I've spent a long time grieving who I have become as a result of my marriage. A long time mourning the loss of my soul. This marriage has turned me into an angry, volatile, person. It has taken the sparkle from my eye, the fire from my belly. It's dimmed my light and broken my spirit. It's turned me into someone I never, ever envisioned for myself. Not surprisingly my daily actions and choices reflect these feelings. But then yesterday, this thought snuck into my mind:


Who would I be if I hadn't married an alcoholic? 'Cause whoever she is, whatever that answer is - that's the place from which I need to start acting. So many of us - not just those who are married to alcoholics - long to Be someone or something else. We want to Be financially secure. We want to Be thin and physically fit. We may want to Be a writer or a florist or a professional chef or a clothes designer. We want to Be kinder or more organized or more in control of our emotions. And that's ok. There is nothing wrong with aspiring to our grandest potential. We should all aspire to our grandest potential. The problem is we come to view these aspirations as destinations rather than a life long journey.
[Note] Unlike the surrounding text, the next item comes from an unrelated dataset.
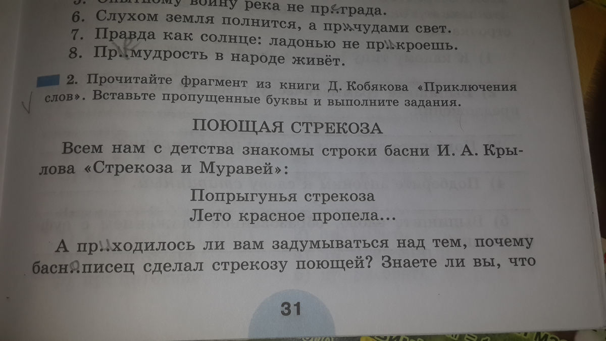 Помогите !!! Нужно прочитать текст из книги Д.Кобякова " Приключения слов " и вставить пропущенные буквы и выполнить задания !!!
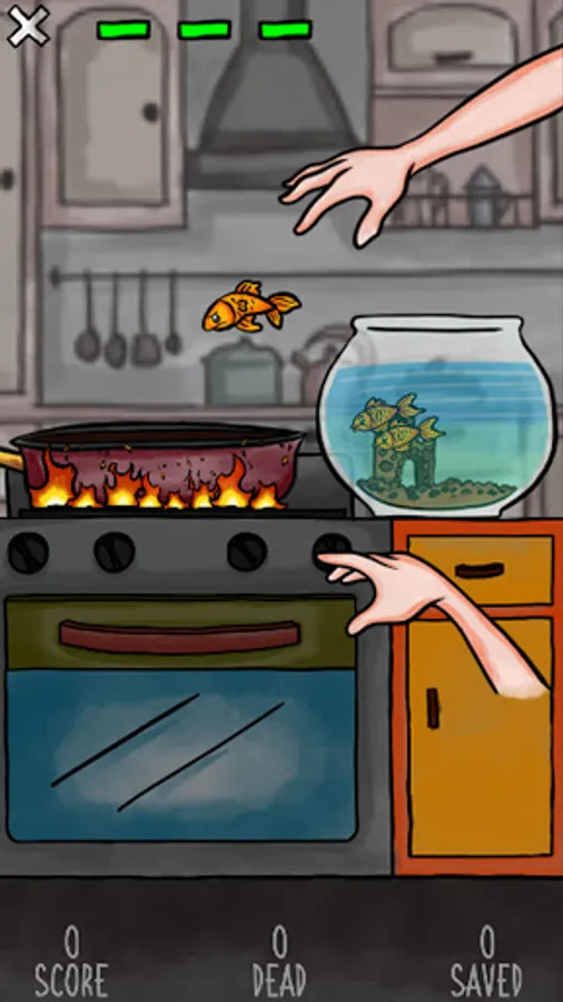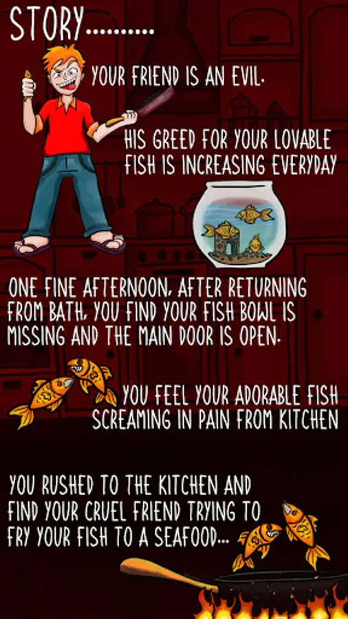 You rushed to the kitchen and find your cruel friend trying to fry your fish to a seafood...

No one arrives at Being thin or Being financially secure or Being in shape or Being patient or Being kind. You don't even arrive at Being an artist or a writer or a florist or a chef or a designer or an entrepreneur or a business owner or a world traveler. Our greatest potential is an ever moving, ever evolving target. It's something we must live everyday through everyday choices. If you practice your art everyday, when you life ends, you will Have Been an artist. If you write everyday, if you exercise everyday, if you eat for health everyday, if you start a business and tend to it everyday, if you strive to be kind everyday....then when you life is over you will Have Been a writer, in shape, healthy, an entrepreneur....


So who would you Be if you hadn't married an alcoholic? Don't say "I don't know." You know. She's whispering in you ear. She's there when you lay you head down at night. You may want to say "I don't know" because that's the safer, that's easier, that keeps you from having to wrestle those demons that want to keep you in the status quo. Alcoholism is a wicked jailer. It locks you up for years but then one day It throws wide open the jail cell door and laughs while you remain inside.


I've hated (HATED!) being married to an alcoholic for so long now. Too long, probably. It's kept all my focus on all I have become - rather than all I can Be. Who would you Be? If you hadn't married an alcoholic? Be her a little bit everyday.